## ACTION ITEM
Among the records that follow, find the line with "лучей и перегрева." and the line with "Soporte plástico, plegable". Set down those lines and all lines between them exactly, without adding anything.

--- PROVIDED DATA Enclosed Below ---

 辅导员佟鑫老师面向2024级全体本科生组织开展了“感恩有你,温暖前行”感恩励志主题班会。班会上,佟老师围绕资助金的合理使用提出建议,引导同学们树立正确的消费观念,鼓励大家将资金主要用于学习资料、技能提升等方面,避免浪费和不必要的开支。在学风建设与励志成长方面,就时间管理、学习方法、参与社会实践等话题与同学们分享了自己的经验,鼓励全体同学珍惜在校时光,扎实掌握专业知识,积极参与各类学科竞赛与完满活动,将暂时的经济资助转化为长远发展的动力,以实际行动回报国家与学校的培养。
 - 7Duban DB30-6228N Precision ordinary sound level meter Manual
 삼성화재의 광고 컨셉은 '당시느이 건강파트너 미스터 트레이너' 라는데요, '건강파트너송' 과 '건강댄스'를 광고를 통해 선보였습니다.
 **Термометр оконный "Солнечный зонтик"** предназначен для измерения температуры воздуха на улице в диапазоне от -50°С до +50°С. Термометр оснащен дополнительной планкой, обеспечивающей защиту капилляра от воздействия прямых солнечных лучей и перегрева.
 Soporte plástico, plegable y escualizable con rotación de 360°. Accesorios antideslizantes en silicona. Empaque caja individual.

--- End of Enclosed PROVIDED DATA ---
--- PROVIDED DATA Enclosed Below ---

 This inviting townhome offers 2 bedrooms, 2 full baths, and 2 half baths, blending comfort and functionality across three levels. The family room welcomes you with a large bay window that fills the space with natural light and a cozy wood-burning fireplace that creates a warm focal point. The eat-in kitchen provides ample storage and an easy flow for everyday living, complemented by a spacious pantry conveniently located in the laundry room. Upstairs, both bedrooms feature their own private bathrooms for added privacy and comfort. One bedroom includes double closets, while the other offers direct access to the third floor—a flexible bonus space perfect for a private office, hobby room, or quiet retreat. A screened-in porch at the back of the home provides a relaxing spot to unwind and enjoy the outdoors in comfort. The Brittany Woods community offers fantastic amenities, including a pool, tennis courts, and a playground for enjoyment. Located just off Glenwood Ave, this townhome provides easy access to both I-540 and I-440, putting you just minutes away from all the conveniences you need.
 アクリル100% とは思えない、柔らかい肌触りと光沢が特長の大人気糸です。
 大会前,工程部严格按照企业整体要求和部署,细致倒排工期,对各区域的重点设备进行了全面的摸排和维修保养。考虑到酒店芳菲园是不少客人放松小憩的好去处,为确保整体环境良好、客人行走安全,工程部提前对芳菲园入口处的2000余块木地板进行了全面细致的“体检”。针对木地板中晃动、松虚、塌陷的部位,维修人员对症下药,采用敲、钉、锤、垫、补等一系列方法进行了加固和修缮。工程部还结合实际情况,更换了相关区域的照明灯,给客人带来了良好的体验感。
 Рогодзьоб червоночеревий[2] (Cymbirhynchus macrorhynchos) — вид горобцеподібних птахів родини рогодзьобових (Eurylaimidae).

--- End of Enclosed PROVIDED DATA ---

## ANSWER SPACE
 **Термометр оконный "Солнечный зонтик"** предназначен для измерения температуры воздуха на улице в диапазоне от -50°С до +50°С. Термометр оснащен дополнительной планкой, обеспечивающей защиту капилляра от воздействия прямых солнечных лучей и перегрева.
 Soporte plástico, plegable y escualizable con rotación de 360°. Accesorios antideslizantes en silicona. Empaque caja individual.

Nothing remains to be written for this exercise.